Eh pá, estou tão farta de ouvir dizer (ler, para ser mais precisa) que a Mrs Danvers estava apaixonada pela Rebecca, e que a sua devoção por esta última era um grande subtexto para demonstrar uma relação lésbica e etc. e tal.
Ao ler o livro, conseguimos perceber que Rebecca era um espírito muito livre, muito dado à rambóia, e que provavelmente não lhe interessaria distinguir entre homens e mulheres, desde que se divertisse com um ou com outro. Fala-se imenso da possível bissexualidade de Rebecca, e penso que o livro o dá de facto a entender.
Mas o caso de Mrs Danvers é inteiramente outro. A sua história com Rebecca é uma história de amor profundo, sim, mas o que me parece óbvio é que é de amor maternal que se trata. Quando Rebecca morre, Mrs Danvers perde a sua única filha, a única pessoa que ela amava mais do que tudo, por quem daria a vida, a pessoa que justificava a sua própria existência. O ódio, a amargura de Mrs Danvers, aquilo que a encerra numa morte em vida vem do facto de ter perdido aquela a quem queria como uma verdadeira filha.
Não admira que ela passe o livro todo em esquemas odiosos, a tentar tramar a pateta da segunda Mrs de Winter (ai, meu Deus, tenho sempre uma vontade tão grande de lhe pregar um tabefe para ver se lhe dá a espertina!). Mrs Danvers tem de recuperar, sozinha, da morte da filha e ainda tem de aturar uma tonta que casa com o marido da filha, que vem ocupar o lugar da filha, e que ainda por cima é uma mosca morta que não sabe o que há de fazer à vida (e está viva, ao passo que Rebecca está morta).
Isto tornou-se claro para mim ao ler aquela cena, tremenda, em que a segunda Mrs de Winter encontra Mrs Danvers no antigo quarto de Rebecca (preservado como no dia da sua morte) e ela, Mrs Danvers, depois de destilar toda a sua fel, começa a chorar, de boca aberta, sem lágrimas.

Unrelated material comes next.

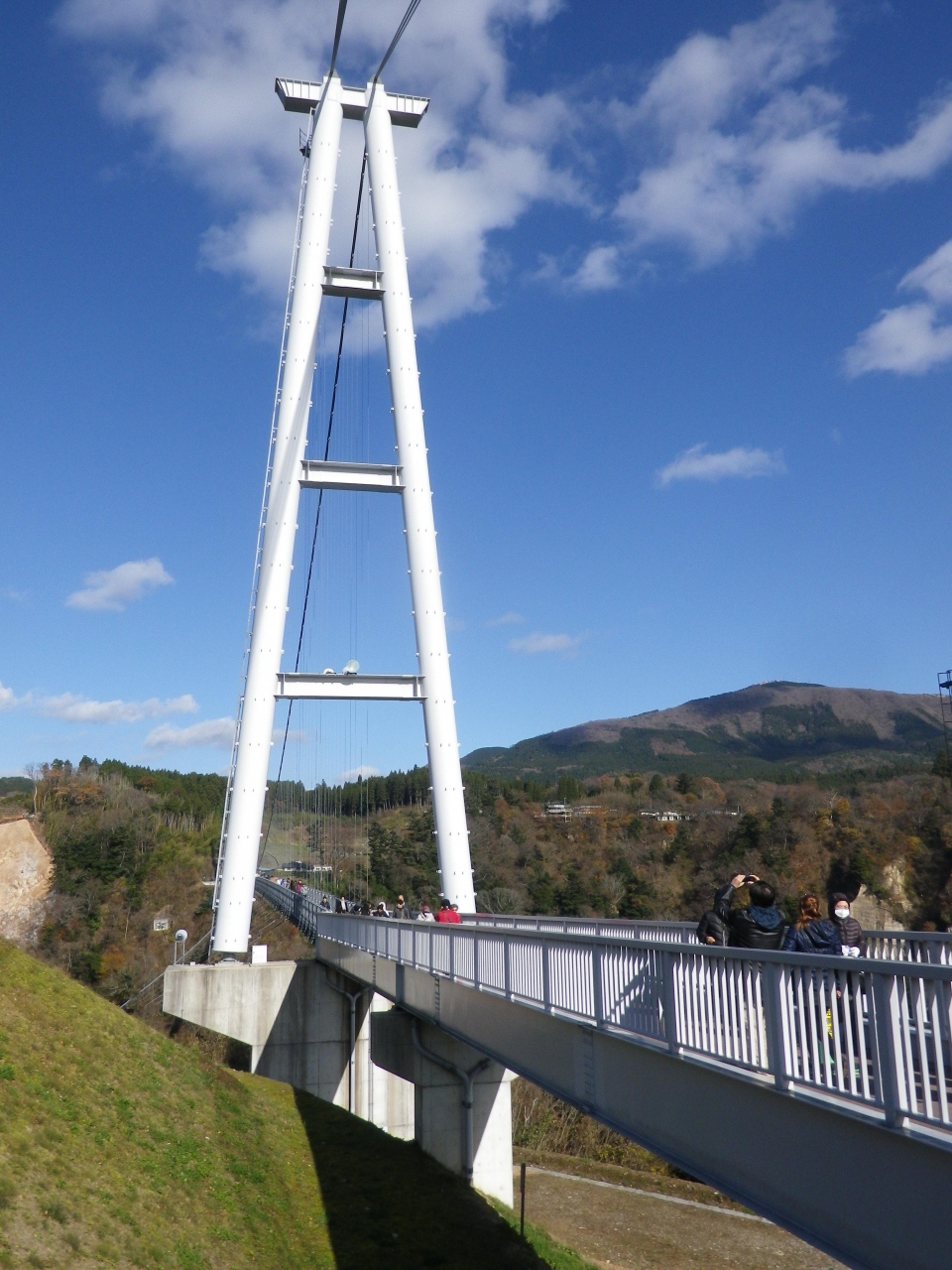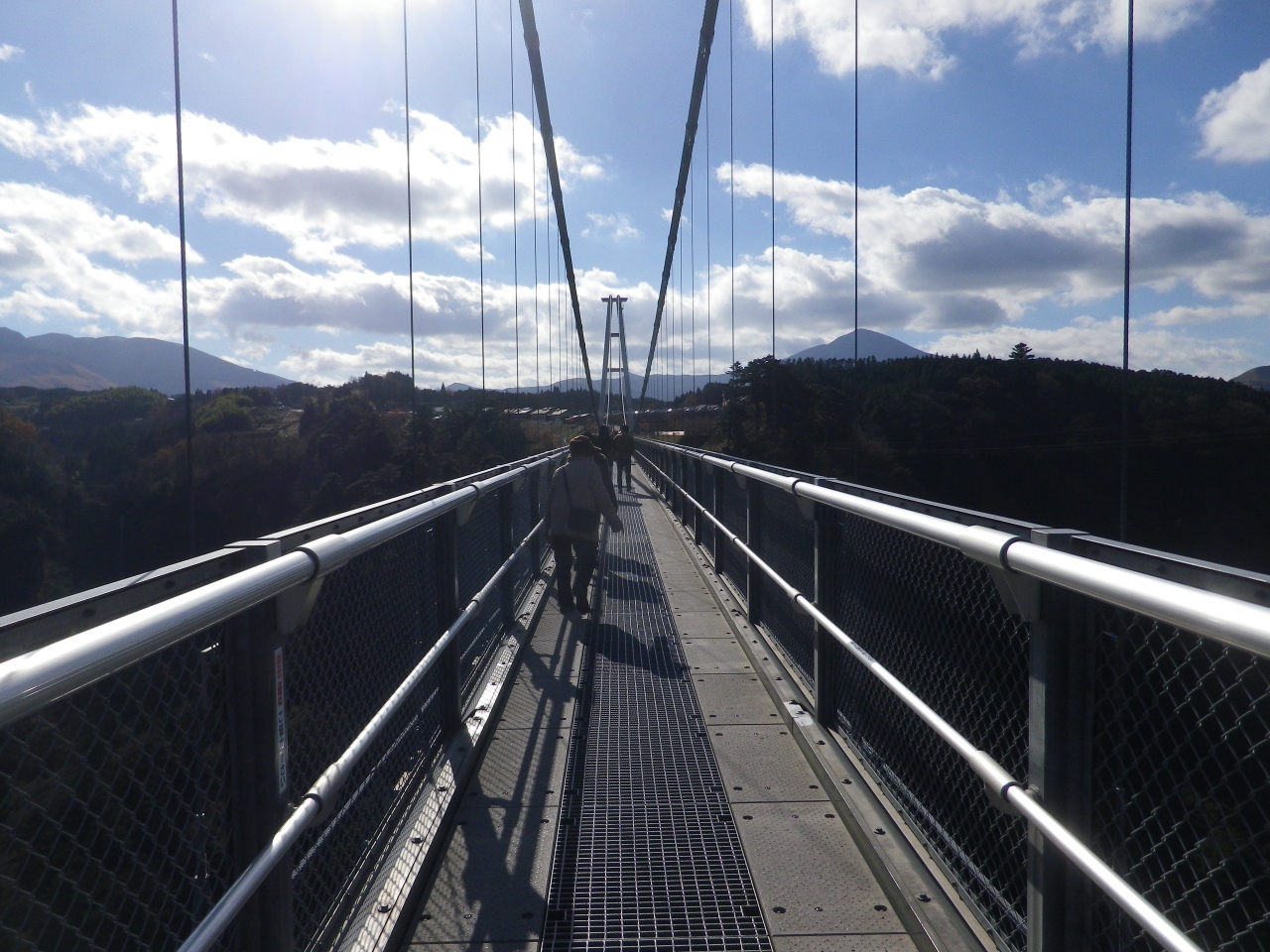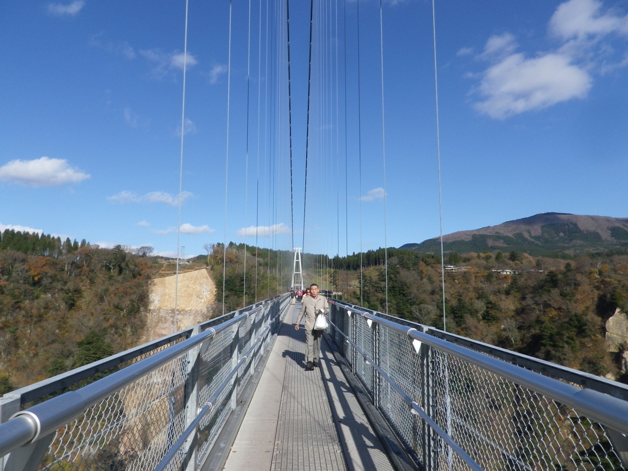 大分県九重にある観光吊橋で、高さ173m・長さ390mある日本一の大吊橋です、吊橋上から日本の滝百選に選ばれた「震動の滝」や九重連山など山々の景色が楽しめます、橋の両サイドにはお土産屋などあり、多くのツアー客も来ている観光スポットになっています、入場料500円で夢の体感をしてきました。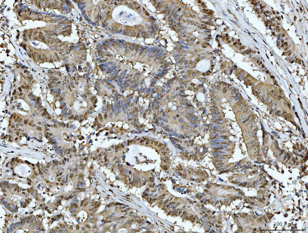 ACLY was detected in a paraffin-embedded section of human colonic adenocarcinoma tissue. Biotinylated goat anti-rabbit IgG was used as secondary antibody. The tissue section was incubated with rabbit anti-ACLY Antibody (PB10024) at a dilution of 1:200 and developed using Strepavidin-Biotin-Complex (SABC) (Catalog # SA1022) with DAB (Catalog # AR1027) as the chromogen.

Este "choro seco", como é descrito no livro, pareceu-me condensar um sofrimento horrível, insuperável, de quem perdeu uma parte de si, um filho. Horrível.
É só isto.
4 comentários:
Eu tenho o Kobo, gosto e acho que voltei a ler mais desde que o tenho. Gosto de sublinhar e agrada-me essa facilidade. Do que não gosto é da dificuldade que tenho em encontrar e escolher livros, se calhar falta esse contacto físico de folhear as páginas, ler parágrafos soltos e ficar curiosa.
do que você está falando afinal? quem são essas pessoas?
Maariah, eu admito que seja falta de hábito. Talvez tenha de insistir mais. E nem me tinha lembrado disso, da dificuldade em encontrar livros em formato electrónico... mais outro motivo que me desmotiva. :D
Jamil, estas pessoas são personagens de um livro chamado Rebecca, da Daphne du Maurier. Eu adoro o livro e estou sempre a falar dele, daí o título do post. Percebo que comece a tornar-se confuso...
De qualquer forma, o Hitchcock fez um filme baseado no livro e tudo. Não vi o filme, mas o livro posso assegurar que é espectacular. Eu, pelo menos, acho mesmo que sim.
ok, rita, anotado, verei se encontro por aqui pra comprar, eis que me interessou; quanto ao filme, provavelmente o assistirei depois que ler o livro (fiz assim com 'a insustentável leveza do ser' recentemente).